Work order = Reproduce only what runs from the line containing "ANGELUS 60L & Z-B R32" to the line containing "Gambar 2. Wawancara terhadap siswa tahfidz" in the records below, inclusive. Keep it exact, and keep the pictures out.

Data to process =
=== Section Start ===

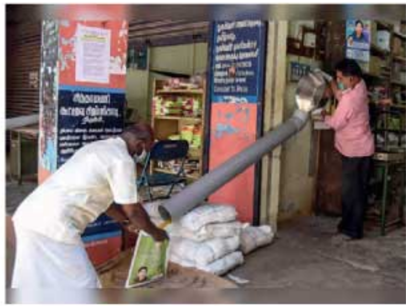
அதன்படி, சுமார் 2.15 கோடி அரிசி குடும்ப அட்டைதாரர்கள், இலங்கை தமிழர் மறுவாழ்வு

கு டும்ப அட்டைதாரர்களுக்கு ரேஷன் கடைகளில், அத்தியாவசியப் பொருட்கள் வழங்கப்படுகின்றன. இதற்கான உத்தரவை தமிழக அரசு பிறப்பித்திருந்தது. தைப்பொங்கல் பண்டிகையை பொதுமக்கள் வெகுவிரிசையாகக் கொண்டாடும் நேரத்தில், ரேஷன் கடைகள் மூலம் 21 பொருட்கள் இலவசமாக வழங்கப்படும் என, தமிழக முதலமைச்சர் மு.க. ஸ்டாலின் அறிவித்தார்.
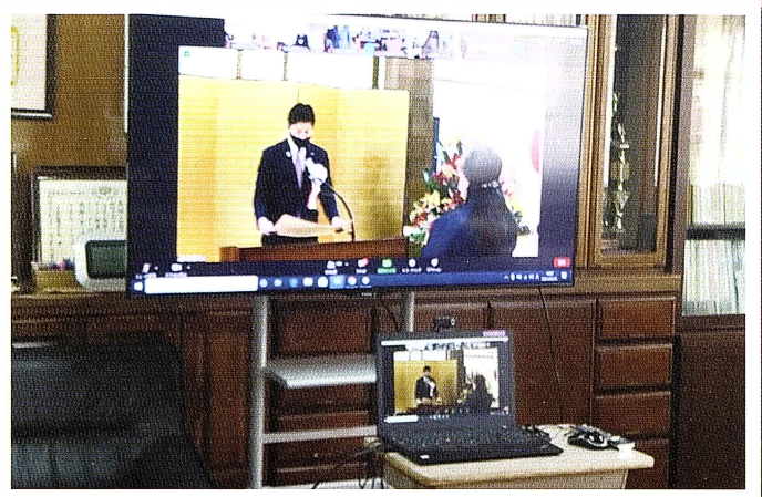
オンラインによる表彰式 文部科学省

これからも、この喜びを更なる飛躍の糧に今日的な教育課題に寄り添い、子育て支援とつながりのある地域づくりにより一層寄与していきたいと思ひます。
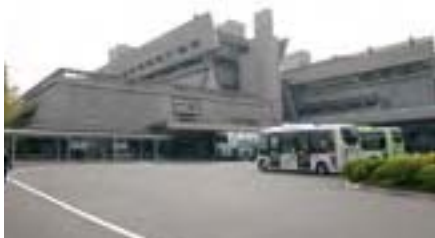
会場となった国立京都国際会館

Venue: Kyoto International Conference Hall
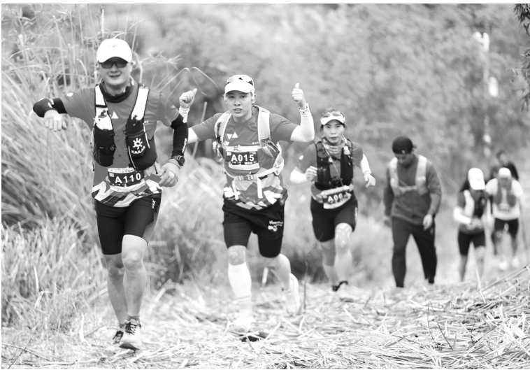
参赛选手沉浸式感受“云端小镇”的山野魅力。

本次比赛是南安首次举办越野跑赛事，获得了国际越野跑协会（ITRA）和环勃朗峰越野跑（UTMB）的双重认证。所有完赛的选手均可获得相应积分，并可以参与全球积分排名。积分高的选手可以获得诸多赛事的精英免费名额，且可以获得参加UTMB系列赛的报名资格。 赛事设40公里精英组、25公里大众组、8公里体验组3个组别，既为高水平选手提供竞速的舞台，也让广大越野跑爱好者能够参与其中。 跑福地、有福气。比赛路线串联起南安第一峰——云顶山的“云海风车”，南安第一漂——龙腾峡
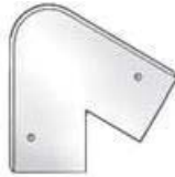
SCULPTURA 60 COVER STRIP CORNER SB1026
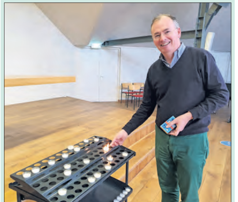
Zondag 1 november is iedereen van harte welkom in de Centrumkerk in Bilthoven

Dit evenement wordt voor de eerste keer georganiseerd door de Centrumkerk en staat geheel los van de Allerzielenviering op 2 november. Het coronavirus heeft toch nog één voordeel. Ook kerken denken out-of-the-box. Met deze nieuwe activiteit hopen zij iedereen in het dorp te bereiken. Oechies: ‘Het is voor ons een nieuwe activiteit en wij hopen dat dit het begin wordt van een nieuwe traditie. Ook aan mensen die hun verhaal kwijt willen, hebben wij gedacht. Wij hebben een luisterend oor, speciaal voor hen. En als je naar buiten gaat, liggen bij de uitgang meditatieve teksten. Belangstellenden kunnen deze meenemen’. De activiteit vindt plaats op zondag 1 november, van 16.00 tot 18.00 uur in de Centrumkerk aan de Julianalaan 42 in Bilthoven.
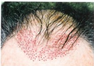
prijímateľova oblasť po ukončení techniky dierovania

Po odobratí šteпов neostávajú žiadne jazvy, iba malé chrastičky, ktoré po pár týždňoch zmiznú a miesto transplantácie nie je vôbec rozoznateľné. Po dokončení prvého kroku odobratia šteпов sa umŕtvi prijímateľova oblasť pokožky a predprípravi sa na vkladanie šteпов. Do umŕtvenej pokožky sa viacerými technikami dierovania pripravujú nové vlasové vačky, do ktorých sa budú vkladať vlasové štepy.
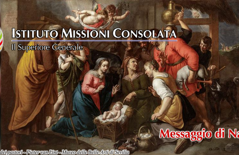
Adorazione dei pastori - Pieter van Limb - Museo delle Belle Arti di Sevilla
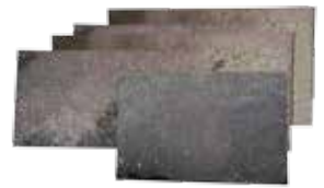
10 x 10 / Uso Peatonal y en Fachadas
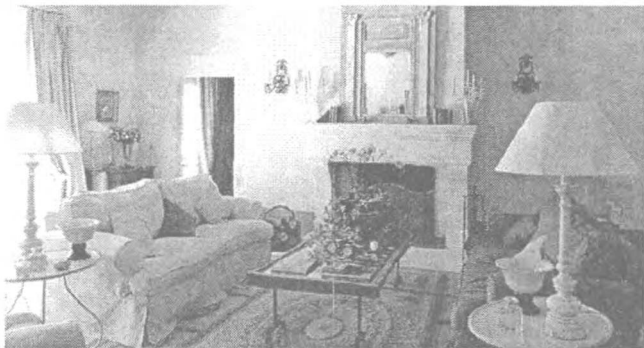
Рис. 2. Интерьер, соответствующий психотипу «меланхолик»
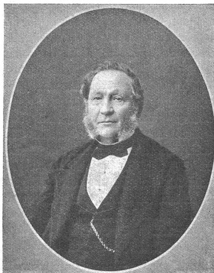
Johann Jakob Sulzer-Hirzel, der Begründer der Sulzerwerke in Winterthur.

Im Jahre 1832 kehrte er heim, machte in Winterthur zuerst eine Schraubenschneidemaschine, die damals als kleines Kunstwerk angesehen wurde. Die halbe Stadt stellte sich ein, um es zu bewundern, so daß der junge Mann sich ent-
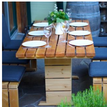
Gartenmöbel Set 2
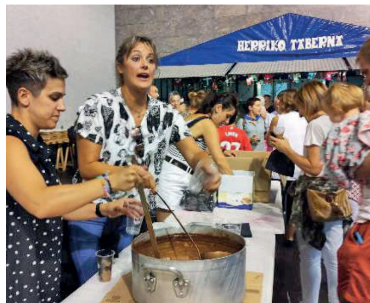
Eubako jaietan egindako ekitaldi bat.
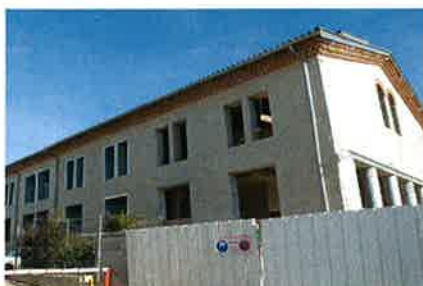
► Janvier 2011
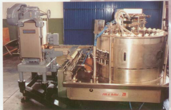
ANGELUS 60L & Z-B R32
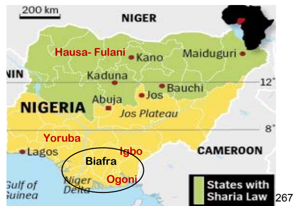
Abb. IV: Kartographische Darstellung: Nigeria

Der fast dreijährige Krieg forderte nach Schätzungen zwischen 1,5 und 2 Mio. Todesopfer, wobei vor allem die von Nigeria verhängte Hungersblockade über Biafra nicht nur von der internationalen Gemeinschaft im Nachhinein als Völkermord bezeichnet wurde, sondern auch
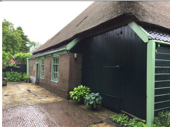
Noordwestgevel met darsdeur (rechts)
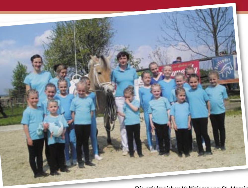
Die erfolgreichen Voltigierer von St. Marein.
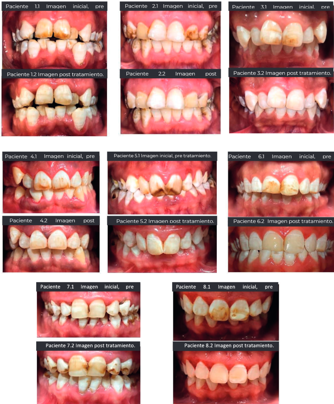
Figura 2 - Procedimiento Ácido Clorhídrico
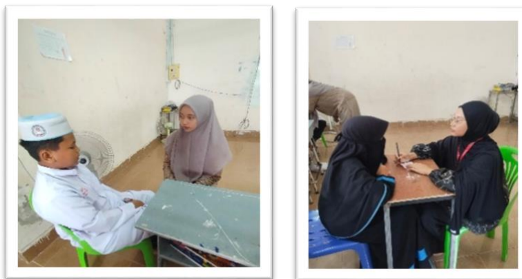
Gambar 2. Wawancara terhadap siswa tahfidz

Wawancara semi-terstruktur dilakukan dengan guru tahfidz dan siswa terpilih. Pertanyaan dirancang untuk menggali pengalaman mereka terkait hambatan dalam proses hafalan, kesulitan emosional, serta perubahan sikap setelah mengikuti program. Dengan teknik ini, peneliti memiliki kerangka pertanyaan yang jelas namun tetap fleksibel, sehingga memungkinkan eksplorasi lebih mendalam sesuai konteks. Kelebihan wawancara semi-terstruktur adalah mampu menangkap narasi personal siswa tentang pengalaman religius dan dinamika pembelajaran yang tidak selalu teramati dalam observasi.
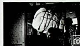
Libia: migliaia famiglie in fuga per terra e per mare
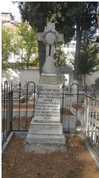
Ο τάφος του Κωνσταντίνου Μακρίδη Πασά (φωτ. π. Αντώνιου Καρατζίκου, ιερατικού προϊσταμένου του Ι. Ν. αγίου Γεωργίου Μακροχωρίου, 4.9.2020).
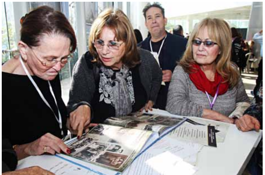
מבקרים בכנס מתבוננים באלבומים
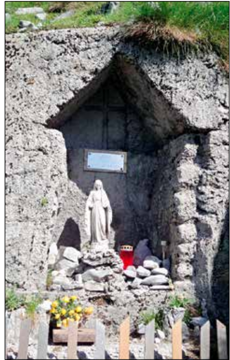
Kapelica na Koru, Soriška Planina.

Kapelico pred vasjo Sorica, na Grobi, je dal postaviti župnik Karlin leta 1904. Za to kapelo je bil narejen lesen kip Srca Jezusovega. "V procesiji s farnim banderom so fantje iz spodnje vasi nesli kip Srca Jezusovega okrašenega na nosilih." 12 Prej je tu stala nizka kapelica, ki so jo podrli, in postavili novo stran od poti. Ob rušenju kapelic po osvoboditvi je bil kip poškodovan in ponovno restavriran. Danes se nahaja v župnijski cerkvi na stranskem oltarju. V župnijski kroniki Sorica je datum poslikave leta 1906. V tem letu je bila tudi 250. obletnica soriškega vikariata. Danes jo krasi slika na les: Marija z detetom.

=== Section End ===

Reply =
ANGELUS 60L & Z-B R32
Abb. IV: Kartographische Darstellung: Nigeria

Der fast dreijährige Krieg forderte nach Schätzungen zwischen 1,5 und 2 Mio. Todesopfer, wobei vor allem die von Nigeria verhängte Hungersblockade über Biafra nicht nur von der internationalen Gemeinschaft im Nachhinein als Völkermord bezeichnet wurde, sondern auch
Noordwestgevel met darsdeur (rechts)
Die erfolgreichen Voltigierer von St. Marein.
Figura 2 - Procedimiento Ácido Clorhídrico
Gambar 2. Wawancara terhadap siswa tahfidz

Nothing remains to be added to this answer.